When compared to the first quarter of 2010, our North American onshore production increased 7%. This growth was achieved in spite of production interruptions caused by severe winter weather in the first quarter of 2011. The most significant portion of this year-over-year growth came from US oil and NGL production. Gains in the Cana, Permian Basin and Barnett drove this growth.
Looking ahead to the second quarter of 2011, we anticipate continued strong growth. The midpoint of our guidance range of 645,000 to 655,000-barrels per day implies an increase in sequential quarter production of nearly 3.5%.
This growth is driven by the same areas that drove our first quarter results, the Cana, Permian Basin and Barnett. Given our performance thus far, we feel very comfortable with our forecast for liquids production growth in the high teens, driving overall top line production growth of 6% to 8% in 2011.
While we are clearly on track to come in at the high end of this range, we are not modifying our full-year guidance at this time.
On the pricing front, the major story for the quarter was the robust oil price environment. Geopolitical tensions and strong worldwide demand resulted in WTI oil prices surpassing $100 a barrel in early March. The strength in oil prices provided a good opportunity to hedge oil at historically attractive levels.
As we have discussed in the past, we try to protect the price on roughly half of our expected production of both oil and natural gas. Our objective is to strike an appropriate balance between managing risk and retaining exposure to upside volatility. For the full year of 2012, we now have 76,000-barrels per day hedged through various swap and costless collar contracts. Of this amount, 22,000-barrels per day were swapped at a weighted average price of $107 per barrel, and the remaining position utilizes collars with a weighted average ceiling of $126, and a floor of $86.

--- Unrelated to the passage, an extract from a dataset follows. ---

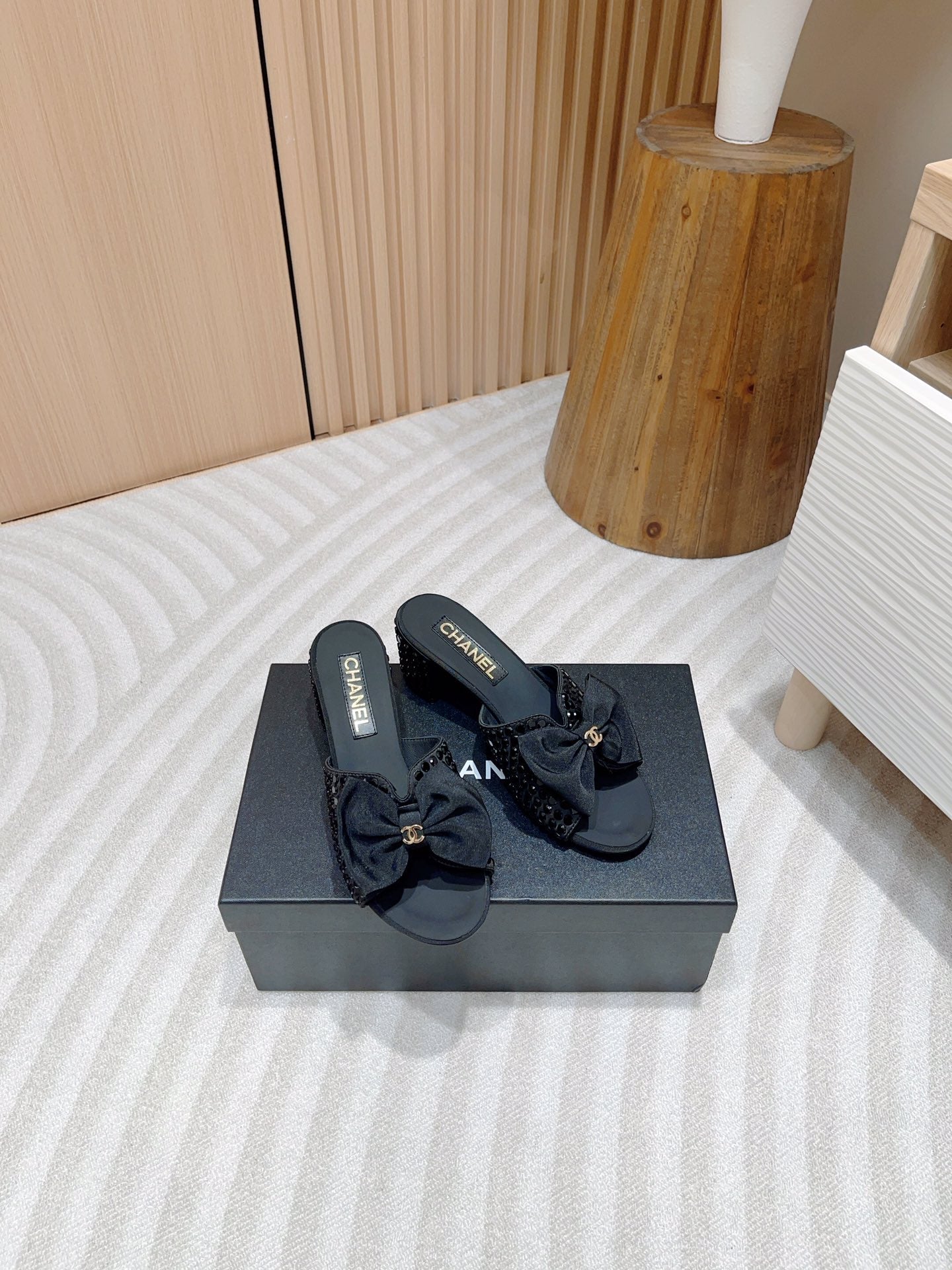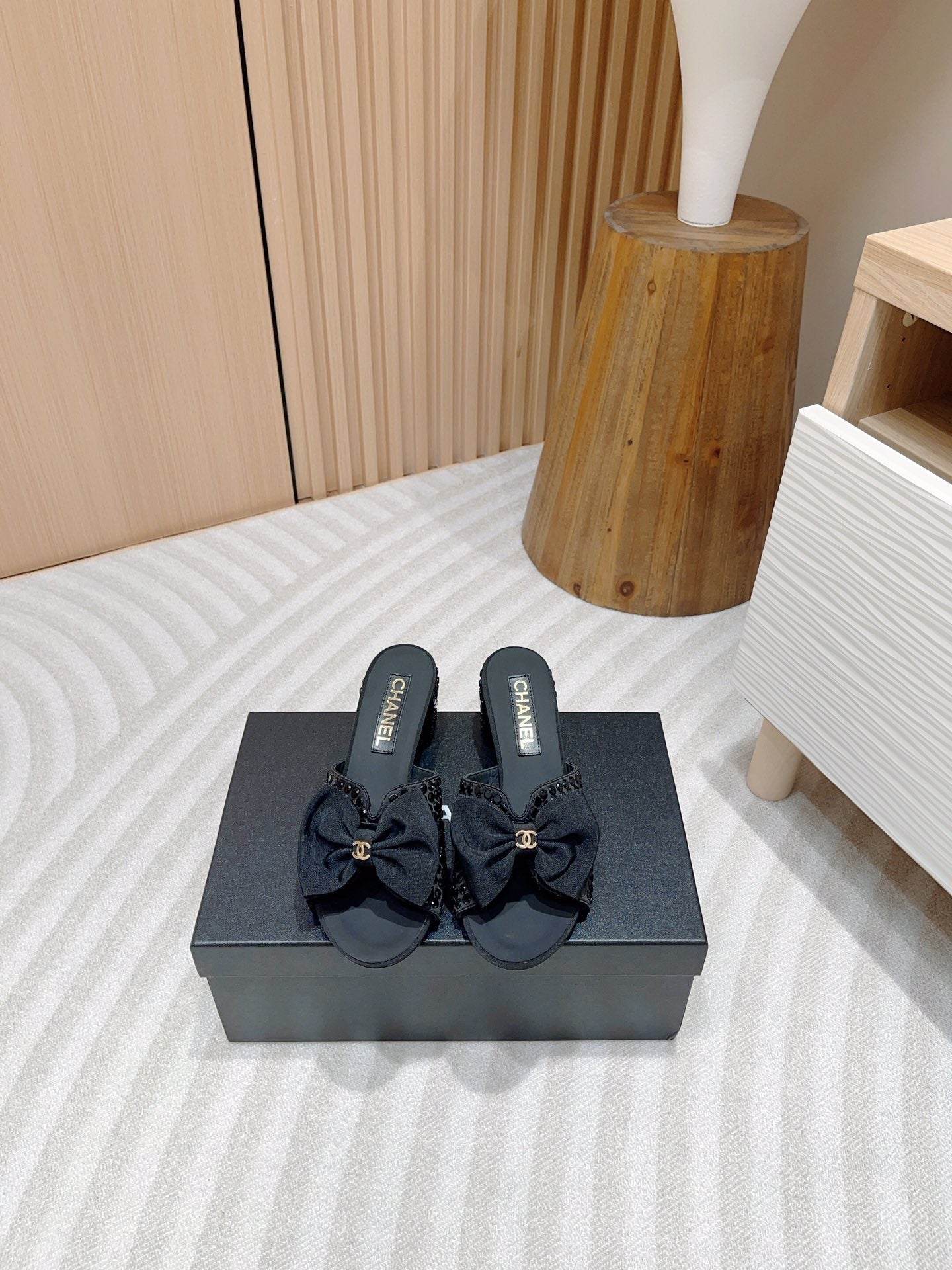 - Upper: Satin with rhinestones

Natural gas price volatility has also provided an opportunity to boost our hedge position. For the second quarter of this year, we added 550 million cubic feet per day of hedges, increasing our total hedged production for the second quarter to roughly 1.3 Bcf per day. This position covers approximately 50% of our expected natural gas production in the second quarter, with a weighted average protected price of $4.95.

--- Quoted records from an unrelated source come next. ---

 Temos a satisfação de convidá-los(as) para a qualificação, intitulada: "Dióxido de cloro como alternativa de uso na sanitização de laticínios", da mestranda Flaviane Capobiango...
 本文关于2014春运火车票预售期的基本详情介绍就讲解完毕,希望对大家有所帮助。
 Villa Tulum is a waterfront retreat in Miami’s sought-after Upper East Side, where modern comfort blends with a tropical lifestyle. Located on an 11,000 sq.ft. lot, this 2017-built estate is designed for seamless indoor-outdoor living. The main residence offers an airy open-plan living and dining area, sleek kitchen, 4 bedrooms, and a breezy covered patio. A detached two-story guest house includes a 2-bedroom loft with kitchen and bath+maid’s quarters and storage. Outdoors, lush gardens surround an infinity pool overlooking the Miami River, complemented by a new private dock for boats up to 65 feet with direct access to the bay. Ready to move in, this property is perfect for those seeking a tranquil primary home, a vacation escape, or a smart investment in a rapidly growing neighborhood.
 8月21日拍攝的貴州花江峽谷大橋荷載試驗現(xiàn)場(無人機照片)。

We have also begun adding gas hedges for next year. For the full year of 2012, we now have swap and collar contracts covering nearly 400 million cubic feet per day, with a weighted average protected price of $4.93 per Mcf. We will post an updated hedging schedule on our website today that provides a more detailed view of our 2011 and 2012 hedge positions.
Looking now to expenses, once again, the repositioned Company did a very good job controlling costs. Expenses in most categories were generally in line with expectations during the first quarter. In aggregate, our pre-tax cash costs for the quarter came in at $13.12 per BOE, and were about $0.10 per barrel lower than the first quarter of 2010.

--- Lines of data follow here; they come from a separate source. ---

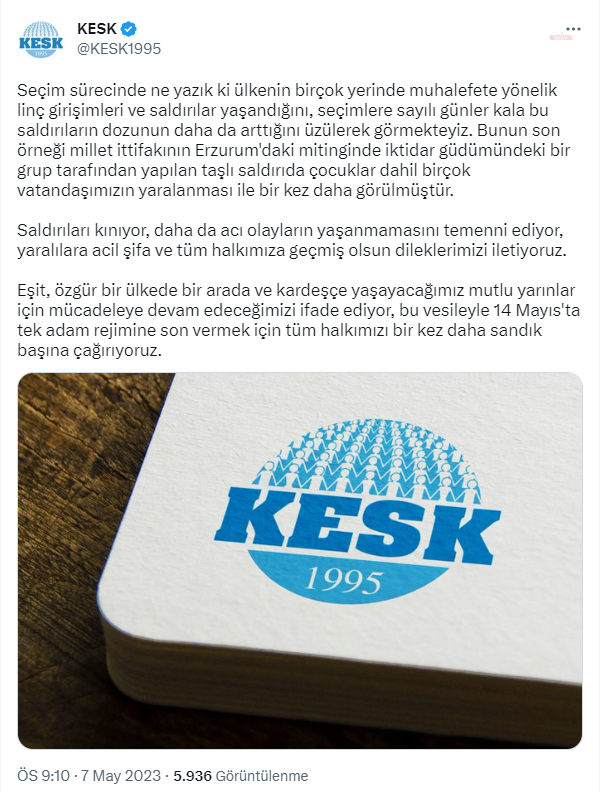 * Seçim sürecinde ne yazık ki ülkenin birçok yerinde muhalefete yönelik linç girişimleri ve saldırılar yaşandığını, seçimlere sayılı günler kala bu saldırıların dozunun daha da arttığını üzülerek görmekteyiz.
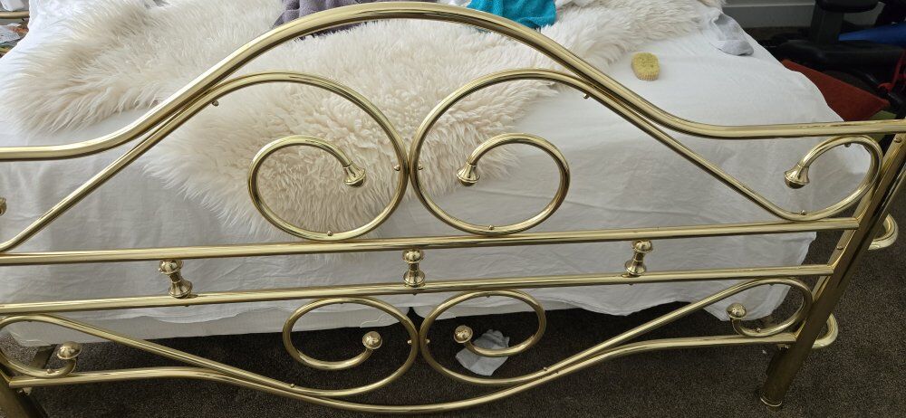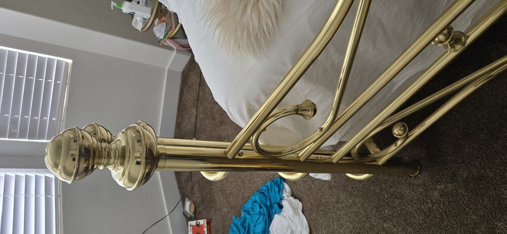 ZelleThe railing is metal golden color. This has been a great bed.We are changing our deco. We'll drop off $100. Pick up spanish fork Can also pick up in smithfield
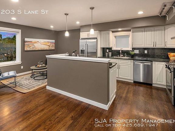 Panoramic views of Mt. Baker, Lake Washington and Mt. Rainier! This spectacular, contemporary home has extensive upgrades and offers living flexibility. The ground floor has a kitchen and bath and would be an excellent option for an Au Per, teenager or extended family. The main level is open floorplan and has amazing views and a sunroom that looks right at I-90 with Mt. Rainier views. The kitchen features stainless appliances, granite counters and a nice sitting bar. Also located on the main level is a powder room, dining room and a powder room. Three bedrooms are on the upper level, along with the master bedroom, master bathroom and another bathroom. Be sure to check out the rooftop deck with some of the best views available! 1 Month Free is lease signed by 5/31 for a 12-18 month lease. Up to 2 pets allowed with an additional $500 deposit per pet. $13.50 monthly utility billing fee will apply. To schedule a showing, call the phone number on the ad or schedule online. *Bonus Amenity Included* - If the property requires/uses furnace air filters a portion of tenant's total monthly amount due will be used to have HVAC filters regularly delivered to their doorstep under the Utility & Maintenance Reduction Program. This saves 5-15% on your energy bill and helps ensure a clean, healthy living environment. Under Seattle's Fair Chance Ordinance, SMC 14.09, landlords are prohibited from requiring disclosure, asking about, rejecting an applicant, or taking an adverse action based on any arrest record, conviction record, or criminal history, except for registry information as described in subsection 14.09.025.A.3, 14.09.025.A.4, and 14.09.025.A.5, and subject to the exclusions and legal requirements in Section 14.09.115. Breakfast Nook Central A/C Eating Bar Finished Basement Lake Views Laundry Room Mountain Views Private Yard

As E&P and service companies alike have disclosed, we are in a rising service and supply cost environment. However, our focus on cost control, combined with the efficiencies realized through our repositioning have more than offset both industry inflation and the negative impact of the strengthening Canadian dollar.
Shifting to income taxes, as Vince mentioned earlier, our overall tax rate was 34% of adjusted pre-tax earnings, or about 4 percentage points over the midpoint of our guidance. Current taxes were 2%, while deferred taxes were 32% of adjusted pre-tax earnings. This is indicative of what we expect for tax rates on adjusted earnings for the full year. A reconciliation of taxes on both GAAP and adjusted earnings is available in today's release.
Looking ahead to the remainder of the year, we anticipate continued upward pressure on costs, however, we remain comfortable with the full-year expense forecast provided in our February 8-K. Regardless of industry conditions, we are confident that Devon is well-positioned to continue generating full cycle margins that are among the best of our peer group.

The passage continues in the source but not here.